● **To do**: Directions for the data below: repeat exactly the lines from the one with "Una vez que" through the one with "3、 粉皮可以用水冲洗一下表面,再切成细条状摆放在蔬菜们的中心位置。", both included, and omit all pictures.

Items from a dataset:
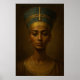 This poster features a vintage-style painting of Nefertiti (1370 - 1333 BC), an original face-on portrait of the Egyptian queen of the 18th Dynasty of Ancient Egypt, and royal wife of Pharaoh Akhenaten. The colors are muted, and the painting has an overall textured look. She wears simple knob earrings, an elaborate headpiece, and layered necklace.
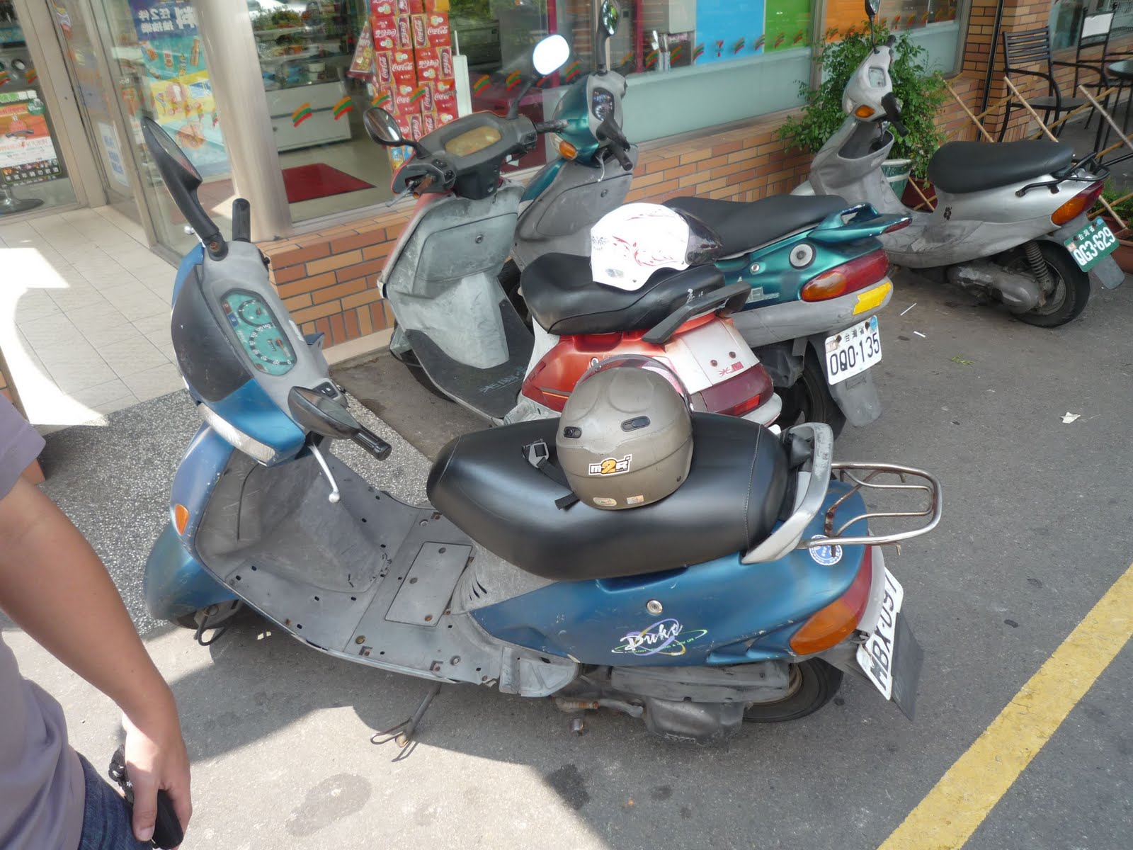 And finally, I got to ride on a scooter today! Not by choice, really. I had to get to the bank to change a little US$ to NT, in case I found something to buy on our trips this weekend, and that was the only way to get there and back in time.
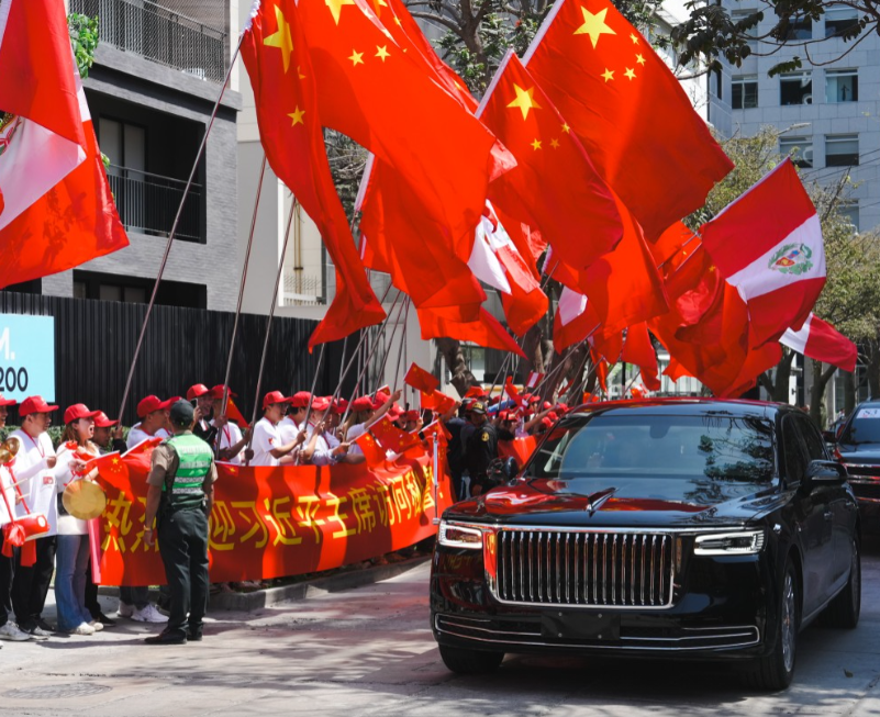 ▲習近平在秘魯使用“紅旗”牌專車。新華社
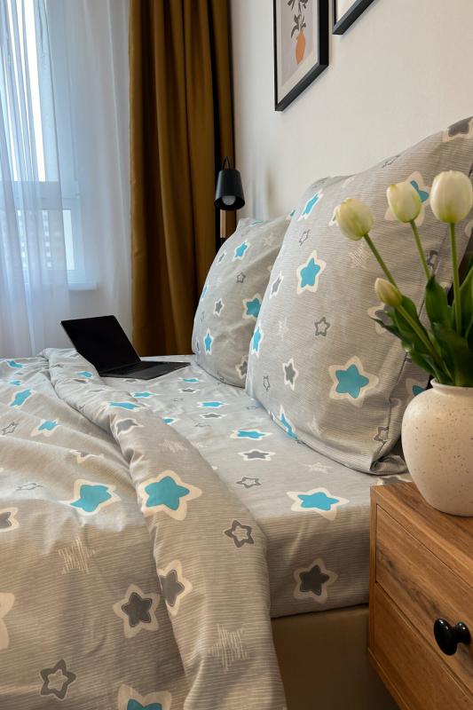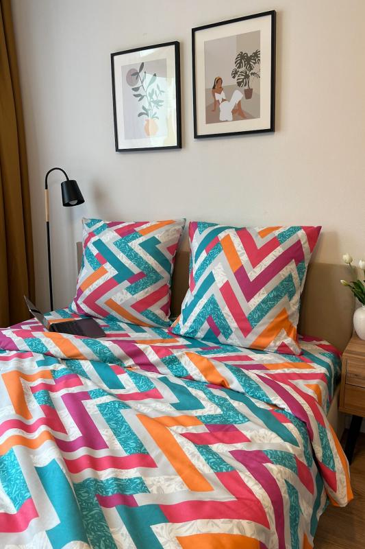 Представленный комплект постельного белья 1,5сп изготовлен из поплина плотностью 110 (+-- 5) гр-м2. Поплин - это ткань из качественного 100% натурального мягкого хлопка. Ткань не образует катышки, изделия из неё прочные и не подвержены сильной усадке. Экологичная, гипоаллергенная ткань обладает отличными впитывающими свойствами и позволяет коже дышать, что в огромной степени способствует полноценному и здоровому сну. Отлично стирается, выдерживая более сотни стирок, сохраняя размеры, цвета и рисунок. Таким комплектом приятно пользоваться всей своей семьей и приятно дарить. Качественные импортные красители, полный цикл закрепления, позволяют надолго сохранить насыщенность цвета. Легкий, мягкий и одновременно прочный материал великолепно подходит для постельного белья среднего ценового сегмента. Комплект постельного белья из поплина - разумный выбор качественного товара! Способ застёгивания наволочки - клапан 20 см, пододеяльника - отверстие без застёжки по краю изделия с подвёрнутым краем. Комплект постельног
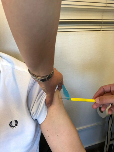Tras firmar el consentimiento de participación, se le practicó una serie de exámenes médicos: descarte de VIH, hisopado rectal y prueba de orina. “Duró cuatro horas y cada participante recibió una compensación económica de 30 dólares y en caso te acepten en el estudio clínico, como a mí, te llaman para una segunda visita en la que te quitan 14 tubos de sangre y te la inoculan con la vacuna”, señala.
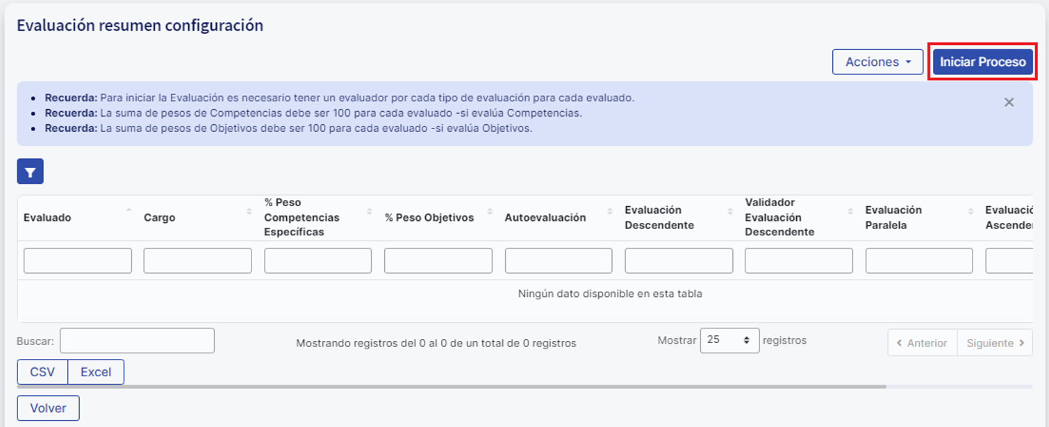 Una vez que todas las configuraciones estén correctas, podrás dar inicio al proceso de evaluación.
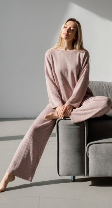 Костюм молодежный из гладкокрашеного фактурного трикотажного полотна, состоящий из джемпера и брюк. Джемпер – прямого силуэта, свободная, с цельнокроеными длинными рукавами , горловиной овальной формы, обработанной втачной планкой.Брюки – свободного кроя, длинные, с эластичной тесьмой по талии и шнурком, продетым в две обметанные петли.
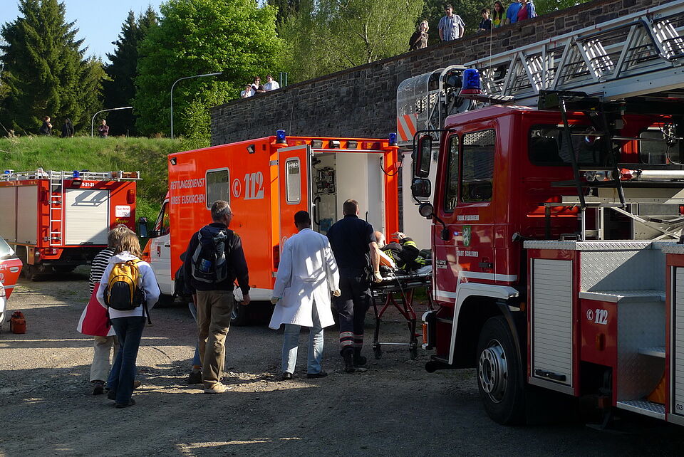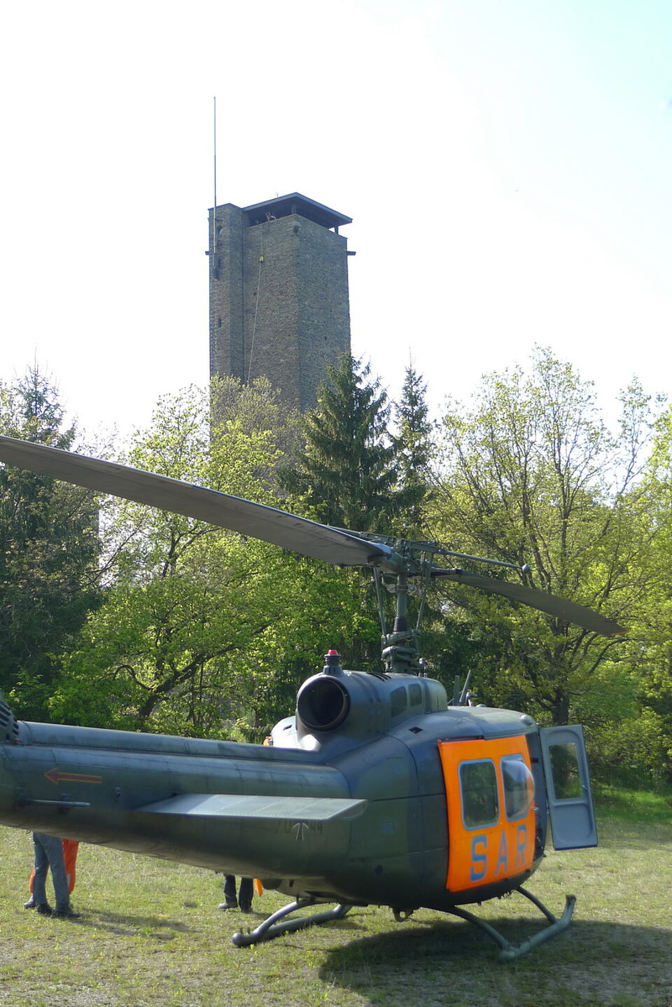 Kurz nach 15 Uhr erlitt ein 71-jähriger Mann auf der Aussichtsplattform einen Schwächeanfall. Die Rettungsleitstelle in Euskirchen alarmierte Rettungswagen, Notarzt, die Höhenrettungsgruppe der Berufsfeuerwehr aus Aachen und auch den SAR Hubschrauber aus Nörvenich (SAR 41, dieser hat auch einen Luftrettungsmeister an Bord).
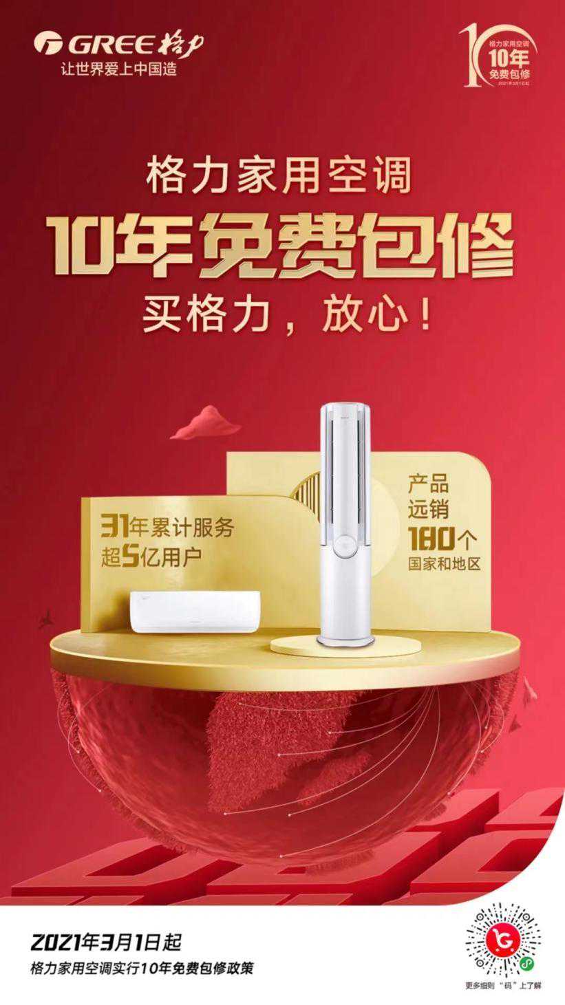 为全面保障消费者权益,格力电器于2021年率先在行业内打响“十年免费包修”的第一枪。承诺消费者2021年3月1日起在全国范围内购买制冷量小于或等于14000w(≈5.6匹)、于家庭民用场景安装使用的格力家用空调产品,均可享受十年免费包修服务,相当于给空调上了一个“终身保险”。
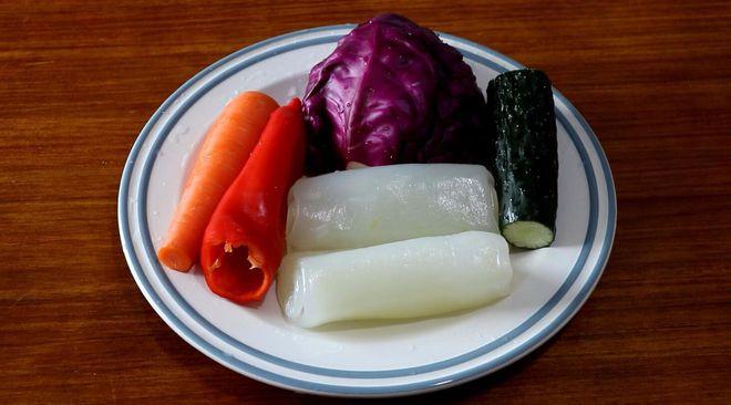 3、 粉皮可以用水冲洗一下表面,再切成细条状摆放在蔬菜们的中心位置。
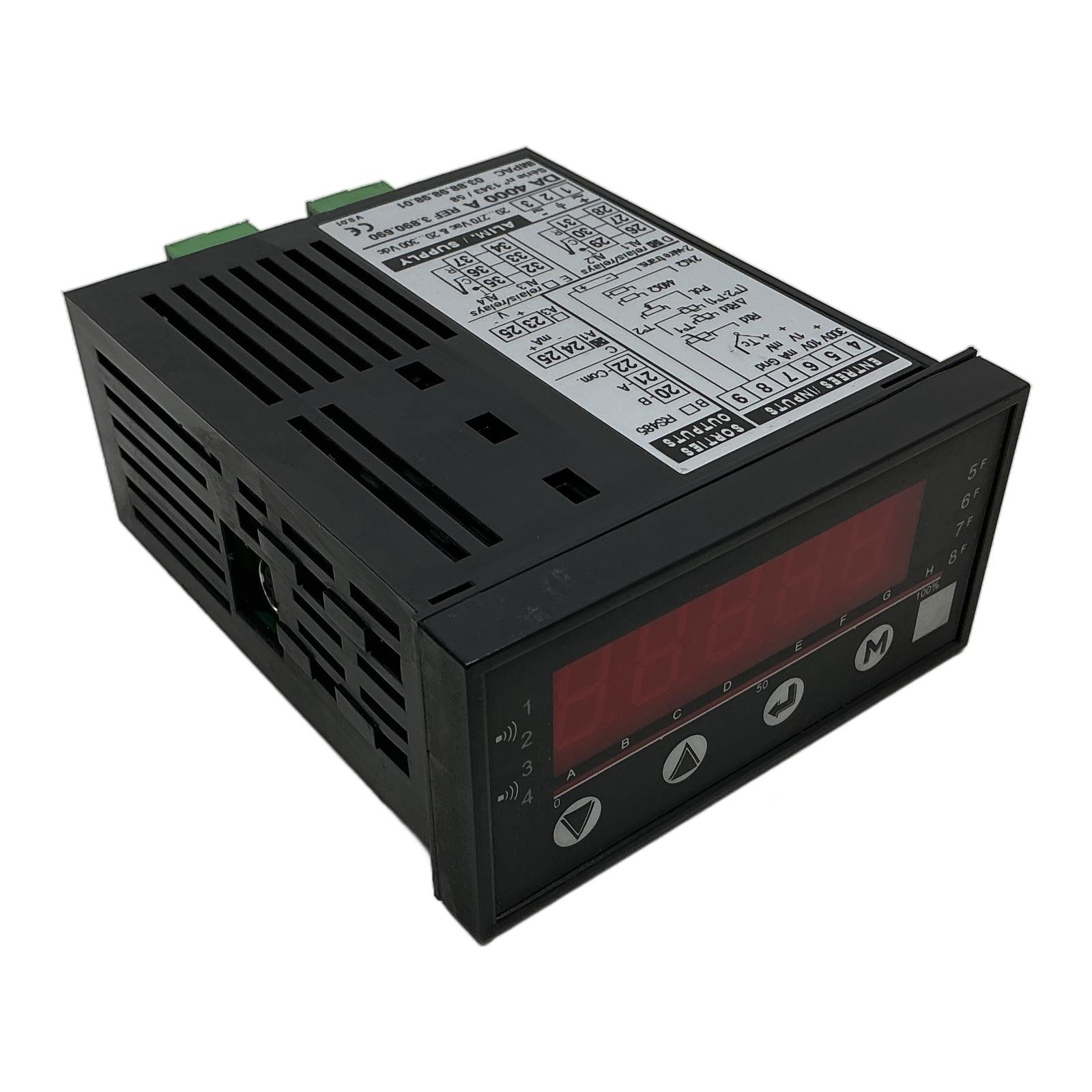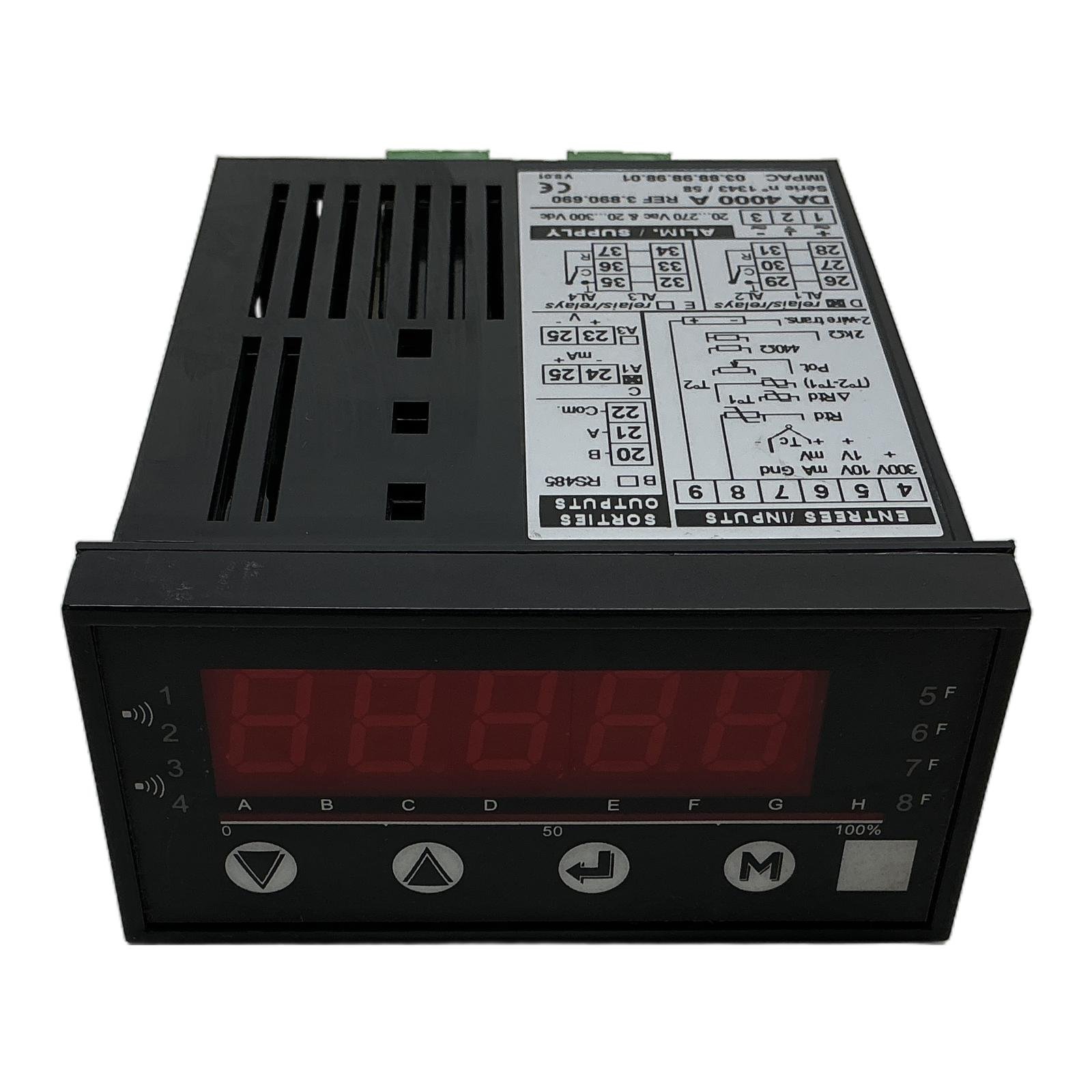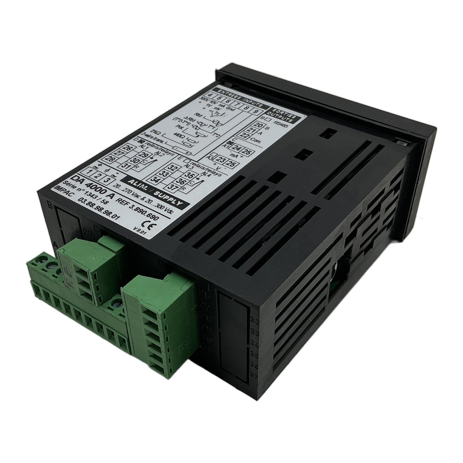 IMPAC DA 4000 A Universal Digital Process Indicator Description The IMPAC DA 4000 A is a high-performance, panel-mount universal digital indicator, engineered for precision and versatility in industrial process monitoring. Its wide-range power supply and universal input capabilities allow it to interface with a vast array of sensors, including thermocouples, RTDs, and transmitters with voltage or current outputs. Equipped with configurable relay outputs and RS485 communication, this device is ideal for integration into control systems for alarming and data logging. Order now from profideals for expert support and fast delivery. Specifications Model: DA 4000 A Reference Number: 3.890.690 Power Supply: 20 to 270 V AC & 20 to 300 V DC Inputs: Universal (mV, V, mA, Thermocouple, RTD, Potentiometer) Outputs: 4x Relays, RS485, Analog (mA/V options) Display: 5-digit LED, red Mounting Type: Panel Mount Version: V 8.01 Label Info Manufacturer: IMPAC Serie n: 1343 / 58 Made in France Application This indicator is perfectly suited for applications in manufacturing, process control, and laboratory settings where accurate display and control of temperature, pressure, flow, or other process variables are critical. Country of Origin This product is manufactured in France. CO2 Impact By purchasing this pre-owned IMPAC indicator, you are actively contributing to a circular economy and reducing industrial waste. This choice prevents the emission of approximately 12.0 kg of CO2, which would have been generated during the production of a new unit. Availability This item is in stock and ready for immediate dispatch. FAQ What types of thermocouple inputs does the DA 4000 A support?The DA 4000 A is a universal indicator typically supporting common thermocouple types such as K, J, T, E, N, R, S, and B. Always refer to the specific device configuration or manual to confirm compatibility. How is the RS485 communication interface configured on this device?Configuration of the RS485 interface, including baud rate, parity, and device address, is done through the front panel programming menu. It allows the indicator to be integrated into a larger SCADA or PLC system using a protocol like Modbus RTU. Can the relay outputs be configured for different alarm types?Yes, the four relay outputs are fully programmable. They can be set up as high alarms, low alarms, window alarms (within a specific range), or for deviation alarms based on a setpoint, providing flexible control options. Last Update: Friday, March 13, 2026 profideals is not an authorized distributor, reseller or representative of the products featured on this website. All product names, trademarks, brands and logos used on this site are the property of their respective owners.

● **Output for this exercise**:
 Una vez que todas las configuraciones estén correctas, podrás dar inicio al proceso de evaluación.
 Костюм молодежный из гладкокрашеного фактурного трикотажного полотна, состоящий из джемпера и брюк. Джемпер – прямого силуэта, свободная, с цельнокроеными длинными рукавами , горловиной овальной формы, обработанной втачной планкой.Брюки – свободного кроя, длинные, с эластичной тесьмой по талии и шнурком, продетым в две обметанные петли.
 Kurz nach 15 Uhr erlitt ein 71-jähriger Mann auf der Aussichtsplattform einen Schwächeanfall. Die Rettungsleitstelle in Euskirchen alarmierte Rettungswagen, Notarzt, die Höhenrettungsgruppe der Berufsfeuerwehr aus Aachen und auch den SAR Hubschrauber aus Nörvenich (SAR 41, dieser hat auch einen Luftrettungsmeister an Bord).
 为全面保障消费者权益,格力电器于2021年率先在行业内打响“十年免费包修”的第一枪。承诺消费者2021年3月1日起在全国范围内购买制冷量小于或等于14000w(≈5.6匹)、于家庭民用场景安装使用的格力家用空调产品,均可享受十年免费包修服务,相当于给空调上了一个“终身保险”。
 3、 粉皮可以用水冲洗一下表面,再切成细条状摆放在蔬菜们的中心位置。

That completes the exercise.